Chris Hannah

Football

Do Football Kits Matter? #

Over on the Tifo Football channel on YouTube, Ben Jacobs investigated whether different football kits can have an affect on the game.

It’s just a short video, at just over 7 minutes, but he certainly goes into a lot more detail than I imagined. I thought it would just be statistics from the top performing football teams over the years, and then trying to spot a pattern with the kit colours.

He does touch on stats like red being the best performing shirt colour in the Premier League, but that’s most likely due to the fact that the three biggest clubs in the UK wear red (Manchester United, Liverpool, and Arsenal). But the section that interested me the most was the goalkeeper shirt colour, and that apparently red is also the best colour in that regard. But in that case it seems to be backed up information, rather than just consequential statistics.


Irish Football Club Announced Player Dead After Returning to Spain #

A very funny article on OneFootball:

An Irish football club has apologised after falsely reporting a player had died, which prompted the postponement of their own match and a minute’s silence to be held at others.

Ballybrack claimed Fernando Nuno La Fuente had been killed in a road traffic accident and their Leinster Senior League (LSL) clash with Arklow Town on Saturday was suspended as a result.

But it later transpired that the Spanish player was, in fact, still alive and had returned to his homeland.

What an absolute screw up.


Take The Ball, Pass The Ball - Trailer #

This really looks incredible.
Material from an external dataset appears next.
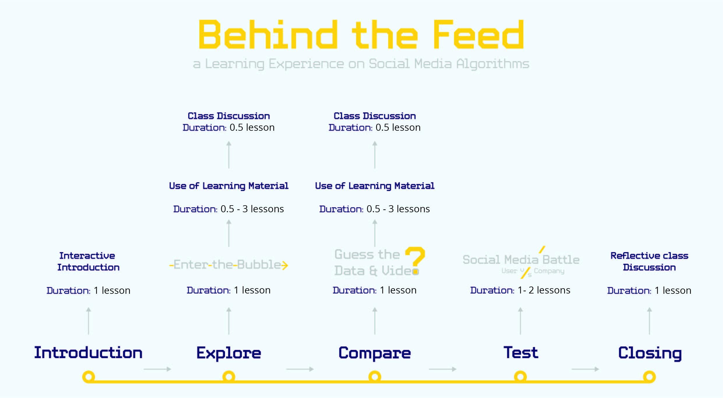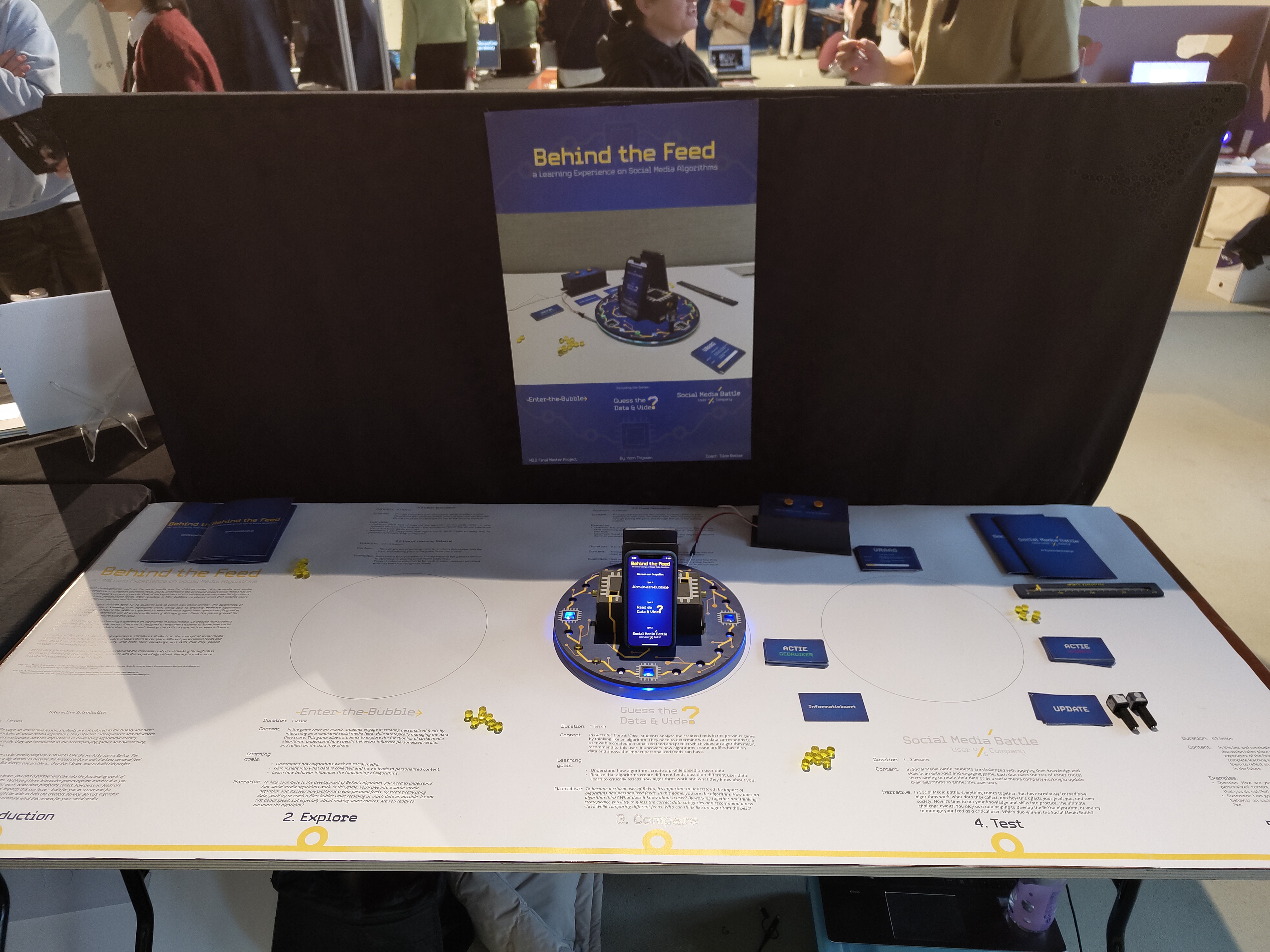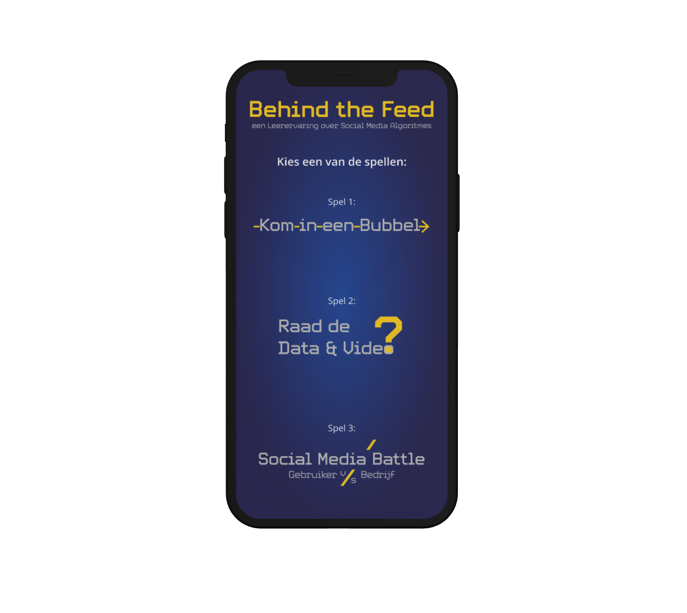 Behind the Feed is een gamified leerervaring over sociale media-algoritmes voor leerlingen van 12 tot 16 jaar. De op maat te maken lessenserie bestaat uit vijf fasen waarin leerlingen ontdekken hoe sociale media-algoritmes werken, hun impact evalueren en vaardigheden ontwikkelen om social media kritischer te gebruiken, wat bijdraagt aan hun algoritmische geletterdheid. De leerervaring bevat drie interactieve en onderling verbonden spellen: Enter the Bubble, Guess the Data & Video en Social Media Battle, en combineert lesmateriaal en klassikale discussies om kritisch denken en verantwoord gebruik van social media te stimuleren.

Pep is one of, and could be the greatest football managers ever. He doesn’t just create success, but he does it with style.
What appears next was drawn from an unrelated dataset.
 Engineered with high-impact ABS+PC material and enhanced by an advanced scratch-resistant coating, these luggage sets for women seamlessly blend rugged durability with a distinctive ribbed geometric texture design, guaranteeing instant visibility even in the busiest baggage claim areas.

His Barcelona team played the best football.


It’s the end of football as we know it - just ask Celtic and Arsenal #

Roger Mitchell, Chairman of GiveMeSport, and former SPL CEO, writing for GiveMeSport:

Two events this week alluded to Hemingway’s bell.

In reality, these separate incidents, in different ways, suggest the death knell for the end of the amateur and meritocratic soul of European football.

Overly melodramatic for impact? I don’t think so.

Simply, we are witnessing the ruthless elimination, by stealth, of the financial and sporting uncertainty which has been at the core of Association Football, since it was invented in the 1870s, (a mere 100 years after America became a nation.) More from our American cousins later.

There is a case to argue that we are moving, nae, have moved, to the hated franchise commercial model.

Fans weren’t asked. Probably because we would never have agreed. Indeed, fans and their mega clubs are increasingly uncomfortable bedfellows. But the new reality is here, and most of us were asleep at the wheel. Shame on us.

This amateur sport, the most popular game in the world, grew its DNA and developed its soul from British clubs of deep working-class tradition, like Celtic and Arsenal. So, it is neatly appropriate that the clanging chimes of doom this week came from Parkhead and Highbury.

It’s very true that football is becoming more and more commercialised, and I’m not talking about the wages, or transfer fees, but how the clubs are ran nowadays. With all these foreign investors slowly buying the football clubs, they’re turning them into plain businesses. No need to worry about trophies, or about the actual fans, but instead how it can boos their portfolio.

As an Arsenal fan myself, I’m experiencing this quite a lot with the majority shareholder, and soon to be full owner of the club, Stan Kroenke. This will mean no more transparency, no more AGM, no input at all.